Correlations between APOBEC_MutLoad_MinEstimate and mRNAseq expression
Overview
Introduction

This pipeline attempts to calculate the pearson correlation between APOBEC_MutLoad_MinEstimate and mRnaseq data of each gene across samples to determine if the APOBEC_MutLoad_MinEstimate also result in differential expressions.

Summary

The correlation coefficients in 10, 20, 30, 40, 50, 60, 70, 80, 90 percentiles are -0.101, -0.0689, -0.0456, -0.0258, -0.0076, 0.0107, 0.03, 0.0526, 0.0834, respectively.

Results
Correlation results

Number of samples used for the calculation are shown in Table 1. Figure 1 shows the distribution of calculated correlation coefficients and quantile-quantile plot of the calculated correlation coefficients against a normal distribution.

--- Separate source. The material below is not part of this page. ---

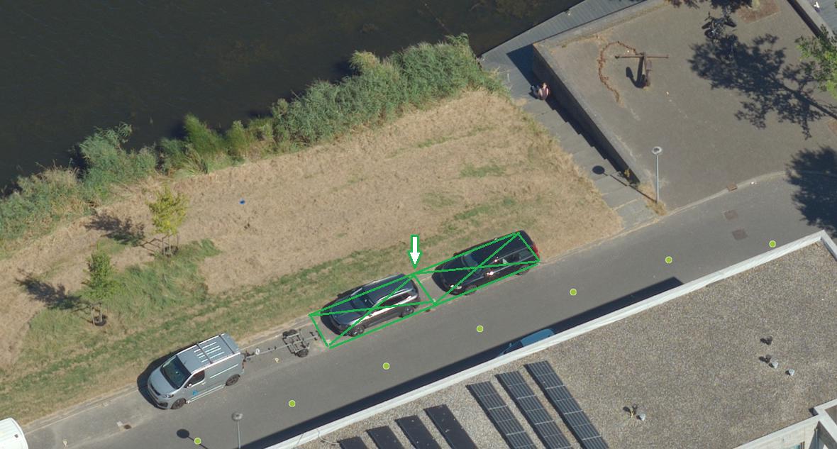 De parkeerplaatsen zijn alleen bedoeld voor het opladen van elektrische auto’s. Daarom plaatsen we het verkeersbord E08c (dit staat in bijlage I van het RVV 1990). We plaatsen ook het verkeersbord OB504 daaronder. Dit is een bord met twee pijlen die wijzen naar de parkeerplaatsen.

Table 2 shows the top 20 genes ordered by the value of correlation coefficients.

Table 1.  Counts of mRNAseq and number of samples in APOBEC_MutLoad_MinEstimate and expression data sets and common to both

Category APOBEC_MutLoad_MinEstimate Expression Common
Sample 248 545 247

Figure 1.  Summary figures. Left: histogram showing the distribution of the calculated correlations across samples for all Genes. Right: QQ plot of the calculated correlations across samples. The QQ plot is used to plot the quantiles of the calculated correlation coefficients against that derived from a normal distribution. Points deviating from the blue line indicate deviation from normality.

Table 2.  Get Full Table Top 20 genes ranked by correlation coefficients

geneID cor p-value q-value
CELA1|1990 0.7329 5.46007683510652e-13 5.06231023766901e-09
MAGEE2|139599 0.4851 6.29405611629608e-07 0.000583553412822391
EMX1|2016 0.4636 4.18978506688816e-06 0.00242784951547835
TM4SF20|79853 0.4593 2.99552365987665e-05 0.0098202627745982
HRG|3273 0.4411 1.26646143261411e-06 0.00102104323238971
CRP|1401 0.4251 6.19478691676889e-06 0.00315492977913851
SSTR5|6755 0.4182 7.53746131945121e-05 0.01941210350647
ENPP7|339221 0.416 2.49461317487487e-05 0.00856622446327866
GTSF1L|149699 0.4065 3.38368747199169e-06 0.00216357644114283
FOXE1|2304 0.399 1.3156159194061e-05 0.00519052467947815
CD300E|342510 0.3954 1.0235691684457e-05 0.00441396350941597
EN1|2019 0.3938 3.8699899094663e-05 0.0115743907889086
KNG1|3827 0.3794 4.09914004606549e-06 0.00242784951547835
LOC285375|285375 0.3682 0.00171242044508668 0.147030362867385
GPR123|84435 0.3602 0.000336499822037872 0.052434589916372
HBG1|3047 0.3575 0.000905282095196469 0.102357596897732
C1QL2|165257 0.3567 0.00194917231931901 0.157145662248402
ADH7|131 0.3561 0.000297572100104837 0.0479815604542956
PAX7|5081 0.3549 0.00298293561193885 0.204105442996982
NLRP4|147945 0.3532 0.000143184802166907 0.0291766569953951
Methods & Data
Input

Gene level (TCGA Level III) mRNAseq expression data and APOBEC_MutLoad_MinEstimate derived by Mutation_APOBEC pipeline were used to do this analysis. Pearson correlation coefficients were calculated for APOBEC_MutLoad_MinEstimate and each gene across all the samples that were common.

Correlation across sample

Pearson correlation with pairwise.complete.obs was used to do this analysis.